Step 4: Deploy the Winner

Python
best = result.best_accuracy()
print(f"Architecture: {best.layer_widths}")
print(f"Neuron types: {best.neuron_types}")
print(f"Bitstream lengths: {best.bitstream_lengths}")
print(f"LUTs: {best.fitness_luts:,}")
print(f"Energy: {best.fitness_energy_nj:.1f} nJ")

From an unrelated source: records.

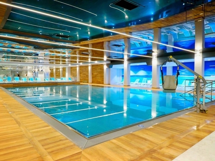 Ausstattung: modernes und großzügiges Hotel. À-la-carte-Restaurant, Speiseraum, Café in der 7. Etage, Lobby-Bar, Konferenzsaal, Lifte, WLAN, moderne Spa- & Beautyabteilung, Bademantelservice, hochmodernes Behandlungszentrum mit Möglichkeiten für medizinische Massagen (klassische Teilkörpermassage, Vibrationsmassage, Unterwassermassage), medizinische Bäder (Perlbad), Bewegungstherapie (Wassergymnastik), Elektrotherapie (Magnetotherapie), Wärmetherapie (Fangopackung, Moorpackung), lokale Kältetherapie, Lichttherapie (Lasertherapie, Sollux) und Inhalationen.
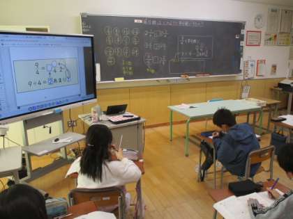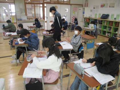 3時間目の4年生は算数の授業でした。今日の学習は、仮分数と帯分数の行き来でした。小学校の学習内容でもかなり難しい方の内容ですが、がんばってしっかりマスターしていきましょう。
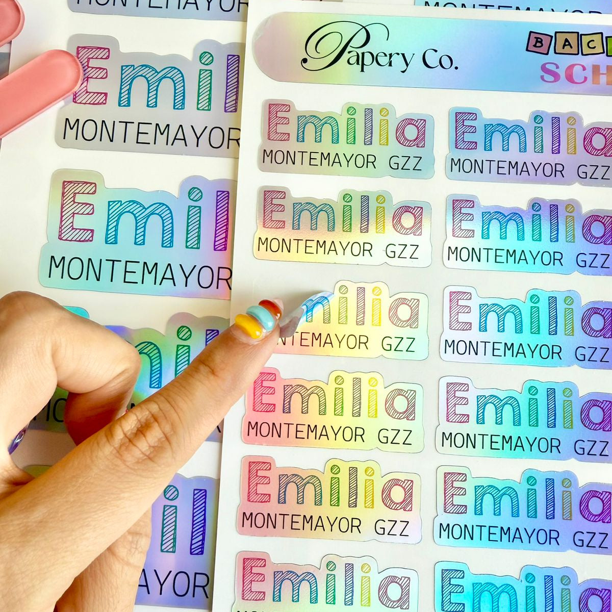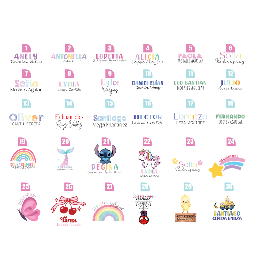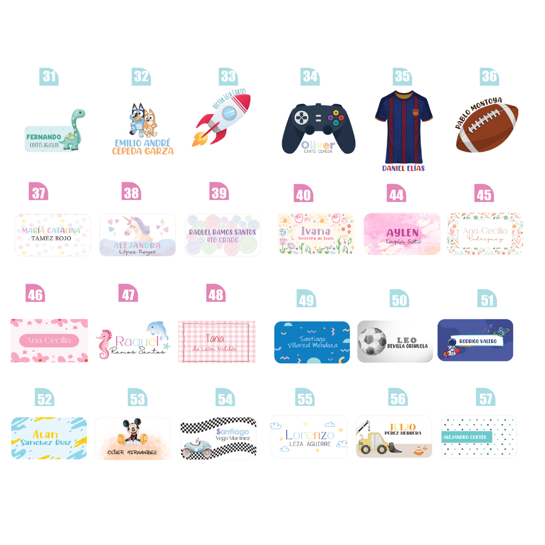Todas nuestras etiquetas van impresas en vinilo resistente al agua y al desgaste, ¡listas para aguantar el día a día escolar! Personalízalas con el nombre de tu peque y haz que cada cosa vuelva a su lugar.
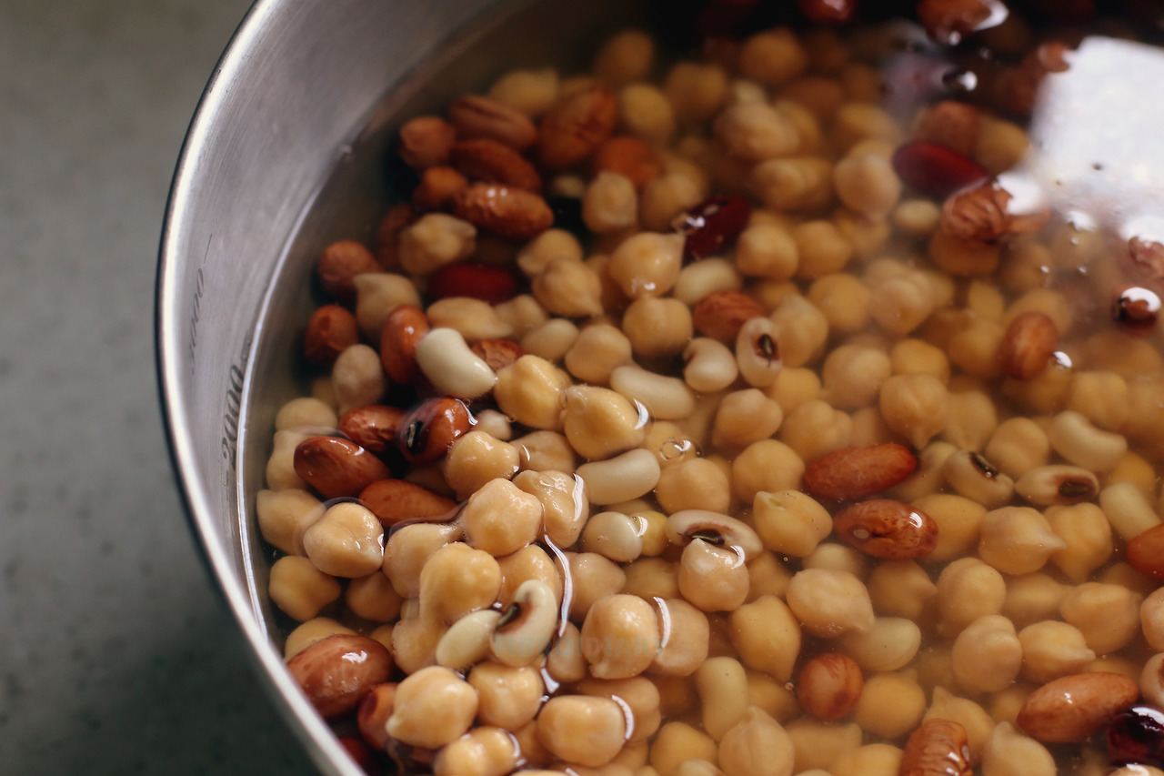 병아리콩 한 주먹, 동부콩 한 주먹, 렌틸도 한 주먹. 집에 있는 모든 콩을 한 주먹씩 넣어 5시간가량 불렸다. 물기를 가득 머금은 콩들이 빛을 받아 반짝거린다. 충분히 불려진 콩들은 끓는 물에 15분가량 삶아 익힌다. 너무 오래 익히더니 콩의 풋내가 올라와 향이 썩 좋지 못했다.
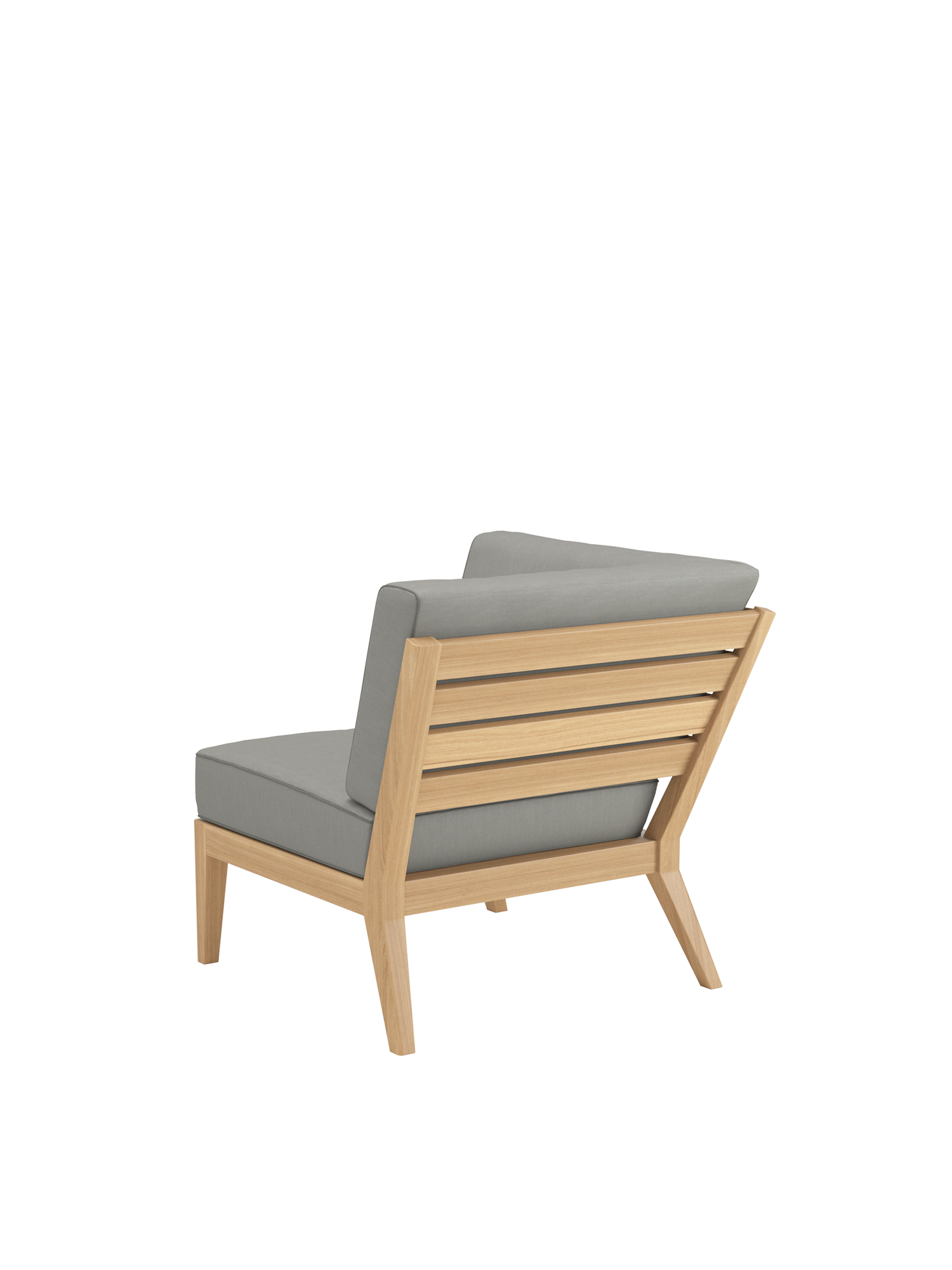 Am Ufer des Schwimmbeckens oder am Rand der Terrasse, auf einem Stadtbalkon oder mitten im Garten: Mit Elementen der Valencia Lounge findet ein Ruhepol in jeder luftigen Lage zur angemessenen Größe. Extra breit und besonders tief, bieten Chaiselongues, Mittelelemente und Eckmodule aus Teak mit ihren quer verlaufenden Sitz- und Rückenlehnen und ausgestellten Beinen viel Raum zum Anlehnen. Dicke, von Kedern gerahmte Polster und Federkissen in frischen Farben setzen dazu sommerliche Akzente.
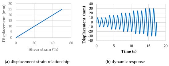 (a) applied horizontal displacement against shear strain (b) applied horizontal displacement against time history used for all the simulations of the model SP unit cell bridge bearing under both monotonic and cyclic loading, respectively.
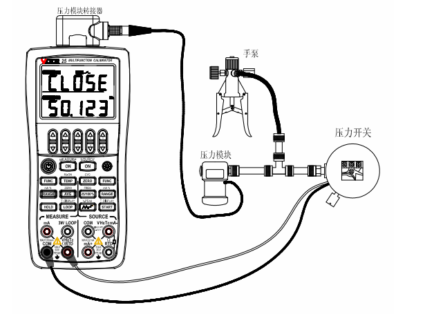 利用VICTOR25多功能校驗儀的開關量自動鎖定功能,可方便的校準壓力開關的開關調整點和回差。
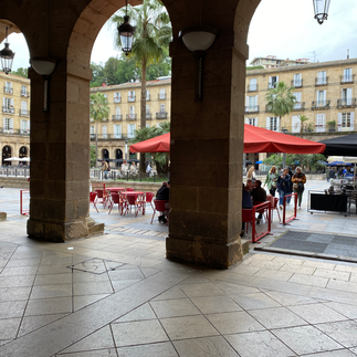 We are home now after a marathon combo of subways, flights, taxis etc. I want to add one postscript that is observations from a moment in time is San Sebastian when Sue found ourselves at a small table in an area away from the tourist mainstream. It was a late afternoon, sunny after days of consistent and heavy rains. The table faced an outdoor 'square' bounded on one side by the steps of a church and defined on the other by an arc of a cobbled 'street'. The street maybe ten feet across and the radius of the half circle about 100 feet - not a large space. As we sat in the sun, drinking our first sangria of the trip, we watched as life unfolded before us. Knots of young boys gathered, smoked, antennae out for any girls passing, people of all ages strolled, stopped to connect and moved on, young boys kicked the ever present soccer ball against a wall. We were there probably 45 minutes and must have seen hundreds flow by. At one point a steady flow of all ages, well dressed found their way to the church. The bell rang for 6:00 mass. We moved on as the sun lowered and the next day passed through the space where all was back to 'normal'.
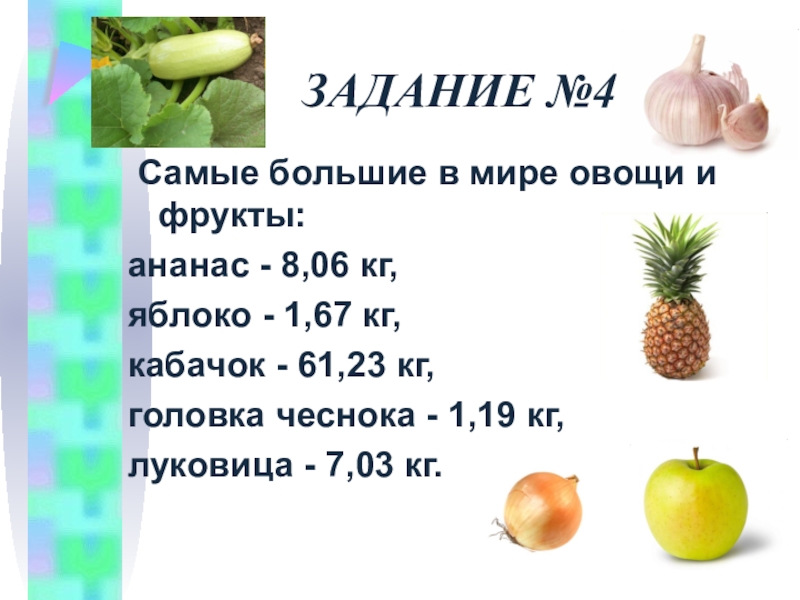ЗАДАНИЕ №4 Самые большие в мире овощи и фрукты: ананас - 8,06 кг,яблоко - 1,67 кг,кабачок -
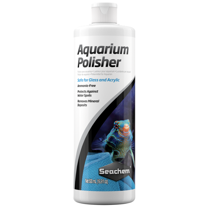 Seachem Aquarium Polisher es un pulidor multisuperficie para usar en el exterior de acuarios de vidrio o acrílicos, así como en otras superficies. El pulidor de acuarios no contiene amoníaco y es perfecto para un uso seguro en y alrededor de acuarios o terrarios. El pulidor de acuarios elimina fácilmente los depósitos minerales y las manchas de agua y ayuda a proteger las superficies del polvo, la sal, los minerales y las huellas dactilares.
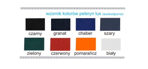 Kolory: Czarny, Granatowy, Chabrowy, Szary, Zielony, Czerwony, Pomarańczowy, Biały,
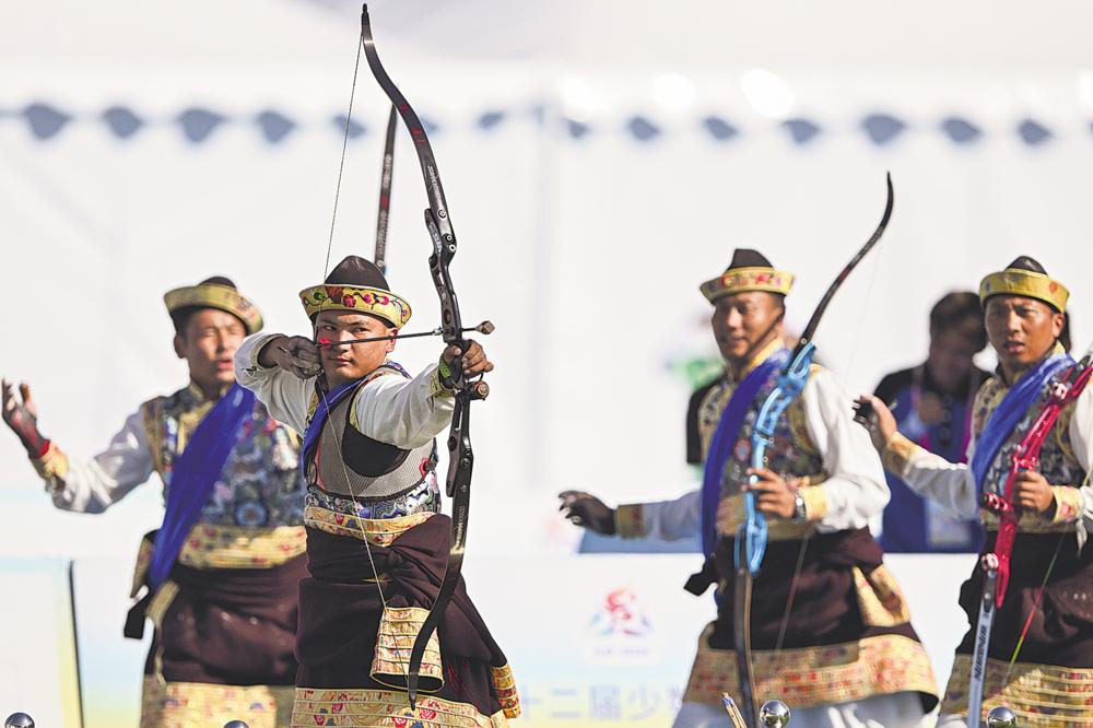 11月27日,西藏队选手表演《响箭》。 当日,第十二届全国少数民族传统体育运动会表演项目(室外)第二轮次第九组比赛在海南省三亚市举行。新华社记者 孙凡越 摄
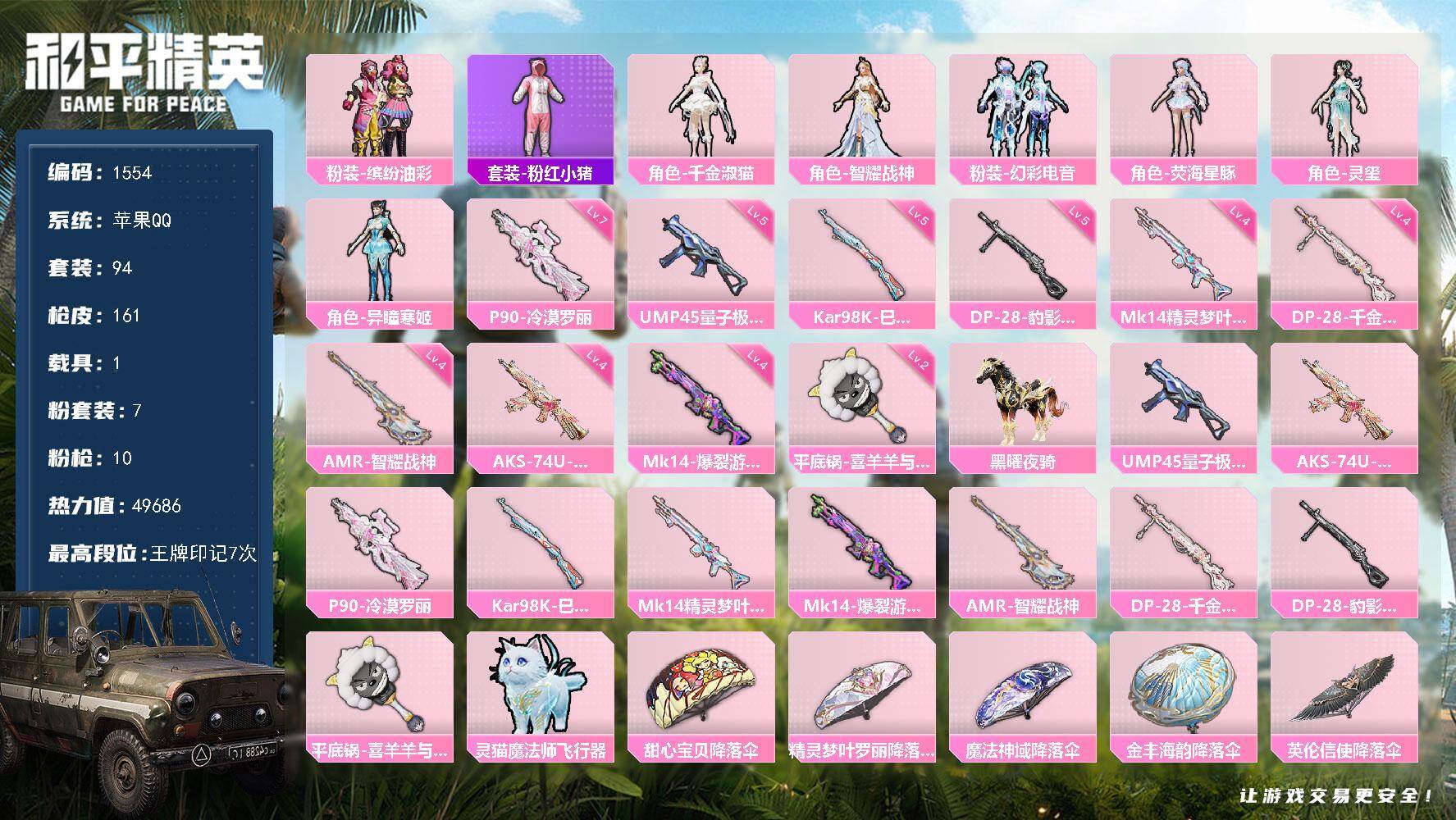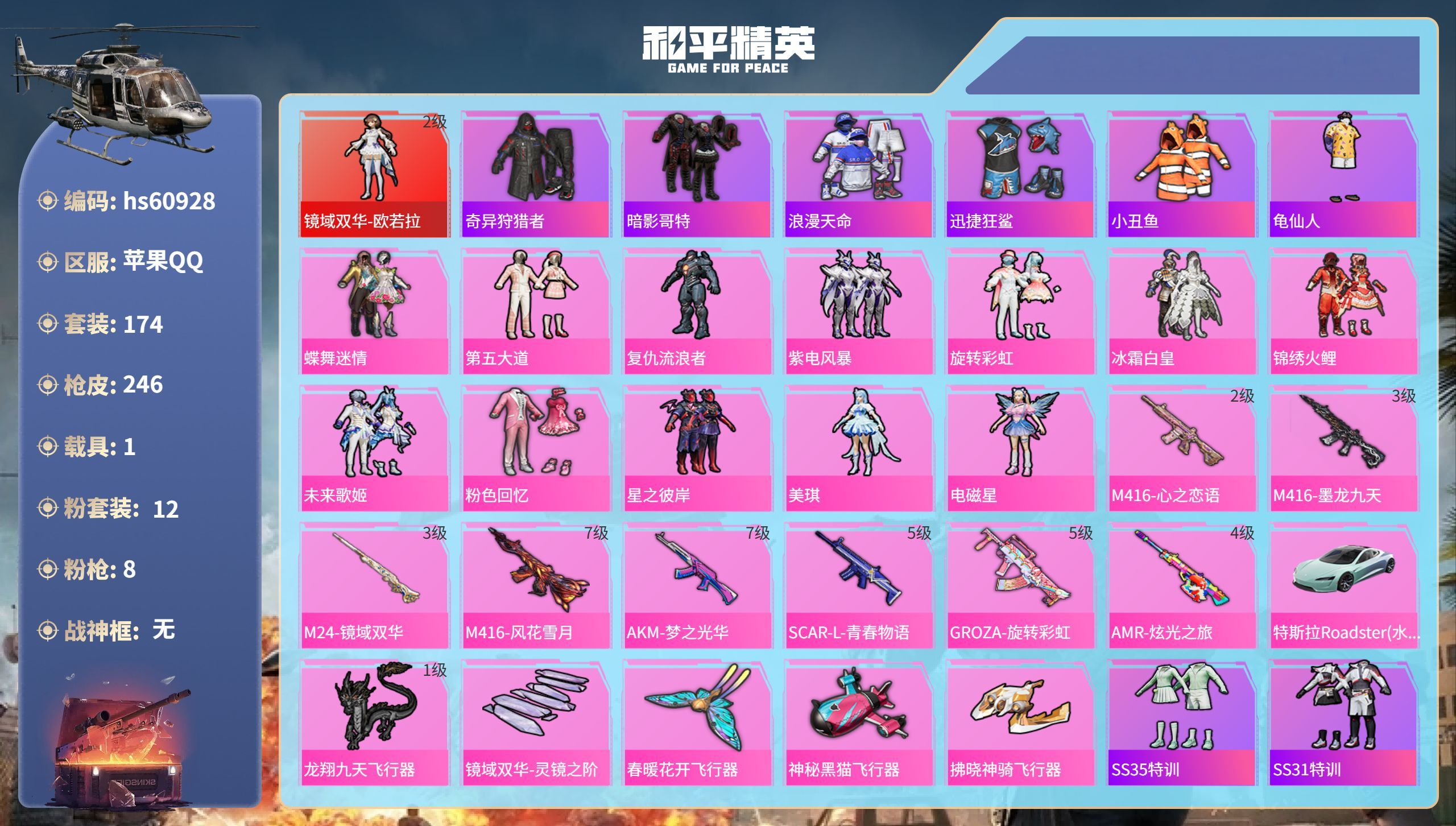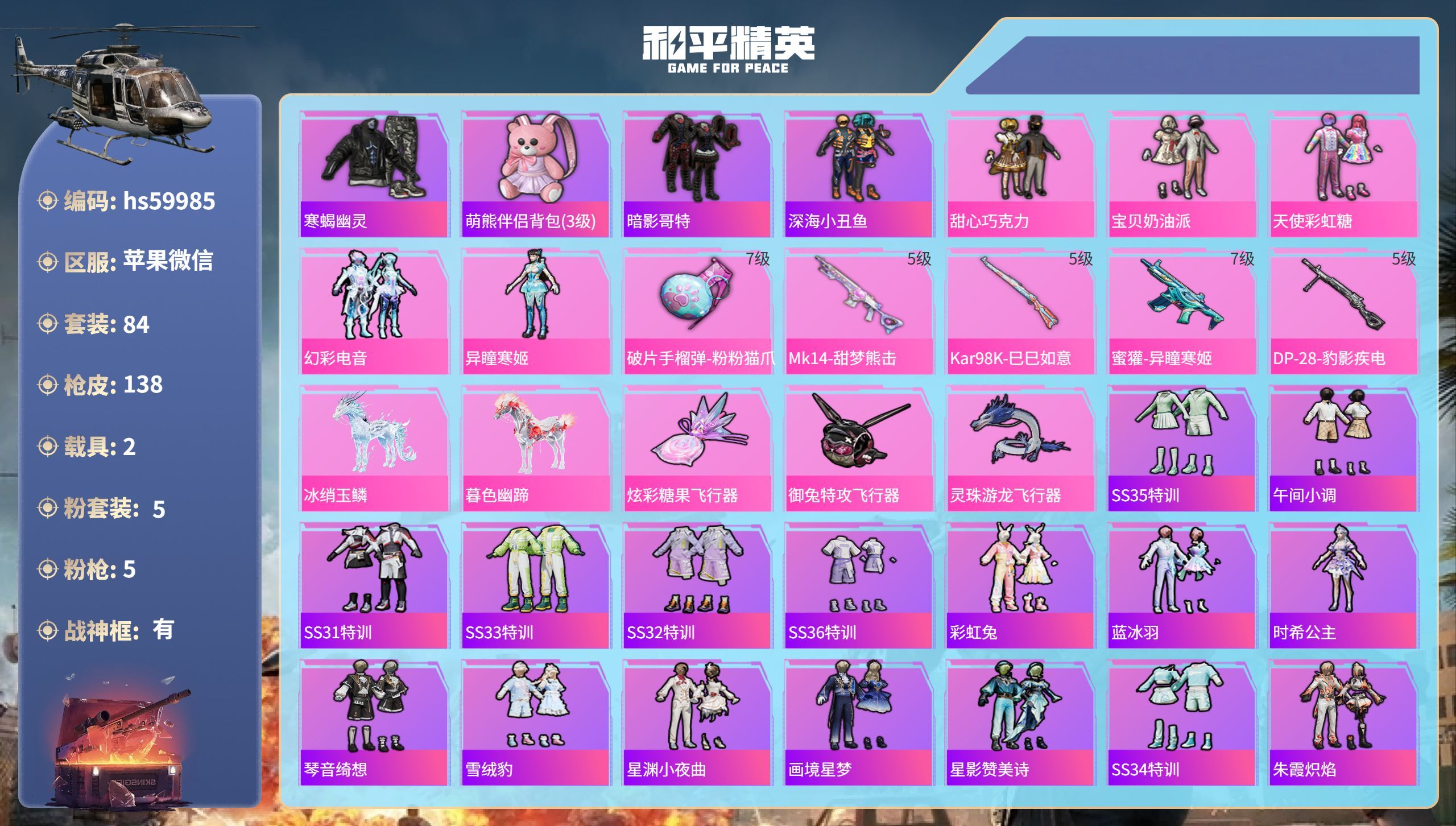 hs59985 苹果微-6王牌印记-有战神框-5粉装-5特效枪-2载具-41680热力值-84套装

# Verify with energy estimator
from sc_neurocore.energy import estimate
report = estimate(
    best.layer_sizes, target="ice40",
    bitstream_length=best.bitstream_lengths[0],
)
print(report.summary())

Custom Accuracy Function

Replace the built-in proxy with real SNN training:

Python
def my_accuracy(arch):
    """Train and evaluate an SNN with the given architecture."""
    from sc_neurocore.training import SpikingNet, train_epoch, evaluate
    model = SpikingNet(
        n_input=arch.n_inputs,
        n_hidden=arch.layer_widths[0],
        n_output=arch.n_outputs,
    )
    # Train for 5 epochs (fast, for NAS inner loop)
    for _ in range(5):
        train_epoch(model, train_loader, optimizer, n_timesteps=25)
    _, acc = evaluate(model, test_loader, n_timesteps=25)
    return acc

result = nas(space, target="artix7", accuracy_fn=my_accuracy, generations=10)

Search Dimensions

Dimension Options Trade-off
Layer width 8–256 Capacity ↔ LUTs
Neuron type LIF, Izhikevich, Homeostatic, FixedPoint Biology ↔ resources
Bitstream length 32–512 Precision ↔ latency
Delay range 0–8 cycles Temporal processing ↔ BRAM
Number of layers 1–3 Depth ↔ total resources

Comparison

Feature SC-NeuroCore NAS NAS-SNN (Kim) SpikeDHS
Hardware-aware Yes (FPGA) No Yes (Loihi)
Multi-objective Yes (NSGA-II) Single Yes
Neuron type search Yes No No
Bitstream length search Yes No No
FPGA resource constraint Yes No No

References

  • Kim et al. (2022). "Neural Architecture Search for Spiking Neural Networks." ECCV 2022.
  • Che et al. (2022). "Differentiable Hierarchical Search for SNNs." IEEE TNNLS.
  • Deb et al. (2002). "A Fast and Elitist Multiobjective Genetic Algorithm: NSGA-II." IEEE TEC 6(2):182-197.